▶ [Problem]: The required answer is the data below, restated word for word with images omitted.

▶ [Given data]:

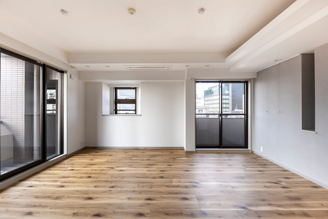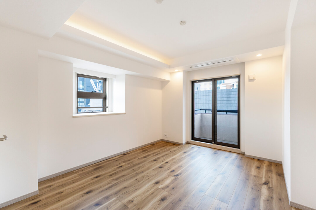 約9.2帖の洋室1。ゆとりある広さで主寝室にぴったりです。自然光が届く北西2面採光で、風通しの良さも魅力的。間接照明のグラデーションが気持ちを落ち着かせ、リラックスタイムへと誘ってくれそうです。
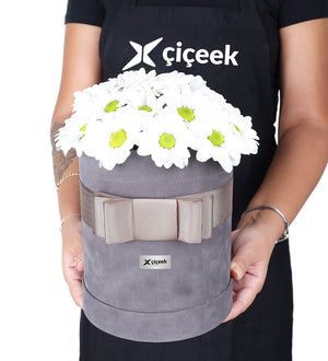 Sadeliğin en şık haliyle tanışın! Masumiyetin ve yeni başlangıçların en sevilen çiçeği beyaz papatyalar, şimdi modern ve sofistike bir yuvarlak gri kadife kutu içinde sunuluyor. Bu aranjman, sadeliğin ne kadar etkileyici olabileceğini kanıtlayan, stil sahibi bir hediye.Sade ve Huzur Dolu Bir Güzellik
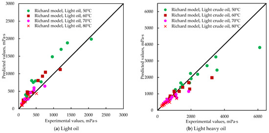 Viscosity prediction results based on Equation (4) under varying experimental temperatures are described in Figure 12, including diluted water in heavy oil emulsions by light oil (12 mPa·s) or light heavy oil (248 mPa·s). Predicted viscosity values of diluted water in heavy oil emulsions by light oil (12 mPa·s) are larger than measured values, while predicted viscosity values of diluted water in heavy oil emulsions by light heavy oil (248 mPa·s) are smaller than measured values. At the same time, the discrepancy between the predicted values and the measured values seem to have been influenced by the dilution ratio and water fractions. Reasons could be related to the emulsification and demulsification in Section 3.3. The demulsification is obvious in the mixing process of water in heavy oil emulsions and light oil, which benefits the viscosity reduction by dilution. The re-emulsification between free water and crude oil is pronounced in the mixing process of water in heavy oil emulsions and light heavy oil, which weakens the viscosity reduction by dilution. Hence, influences of water fractions, dilution oil viscosity and dilution ratio should be taken into full consideration when modifying the viscosity prediction model.
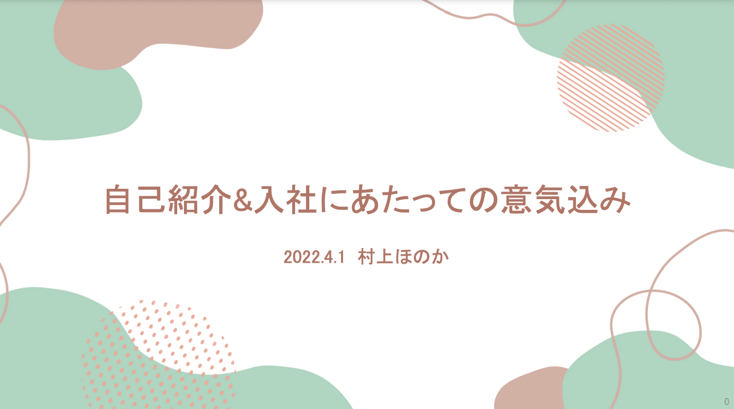 私たち22卒は、初日の一番最初に「自己紹介プレゼン」を行い、事前に作ったPowerPointを投影しながら自分のことや入社にあたっての意気込みを発表しました。もちろん緊張はしましたが、先輩方がちゃんとリアクションを取ってくれたり笑ってくださっていたりしたので、途中からは安心してプレゼンができました。笑

▶ [Output below]:
 約9.2帖の洋室1。ゆとりある広さで主寝室にぴったりです。自然光が届く北西2面採光で、風通しの良さも魅力的。間接照明のグラデーションが気持ちを落ち着かせ、リラックスタイムへと誘ってくれそうです。
 Sadeliğin en şık haliyle tanışın! Masumiyetin ve yeni başlangıçların en sevilen çiçeği beyaz papatyalar, şimdi modern ve sofistike bir yuvarlak gri kadife kutu içinde sunuluyor. Bu aranjman, sadeliğin ne kadar etkileyici olabileceğini kanıtlayan, stil sahibi bir hediye.Sade ve Huzur Dolu Bir Güzellik
 Viscosity prediction results based on Equation (4) under varying experimental temperatures are described in Figure 12, including diluted water in heavy oil emulsions by light oil (12 mPa·s) or light heavy oil (248 mPa·s). Predicted viscosity values of diluted water in heavy oil emulsions by light oil (12 mPa·s) are larger than measured values, while predicted viscosity values of diluted water in heavy oil emulsions by light heavy oil (248 mPa·s) are smaller than measured values. At the same time, the discrepancy between the predicted values and the measured values seem to have been influenced by the dilution ratio and water fractions. Reasons could be related to the emulsification and demulsification in Section 3.3. The demulsification is obvious in the mixing process of water in heavy oil emulsions and light oil, which benefits the viscosity reduction by dilution. The re-emulsification between free water and crude oil is pronounced in the mixing process of water in heavy oil emulsions and light heavy oil, which weakens the viscosity reduction by dilution. Hence, influences of water fractions, dilution oil viscosity and dilution ratio should be taken into full consideration when modifying the viscosity prediction model.
 私たち22卒は、初日の一番最初に「自己紹介プレゼン」を行い、事前に作ったPowerPointを投影しながら自分のことや入社にあたっての意気込みを発表しました。もちろん緊張はしましたが、先輩方がちゃんとリアクションを取ってくれたり笑ってくださっていたりしたので、途中からは安心してプレゼンができました。笑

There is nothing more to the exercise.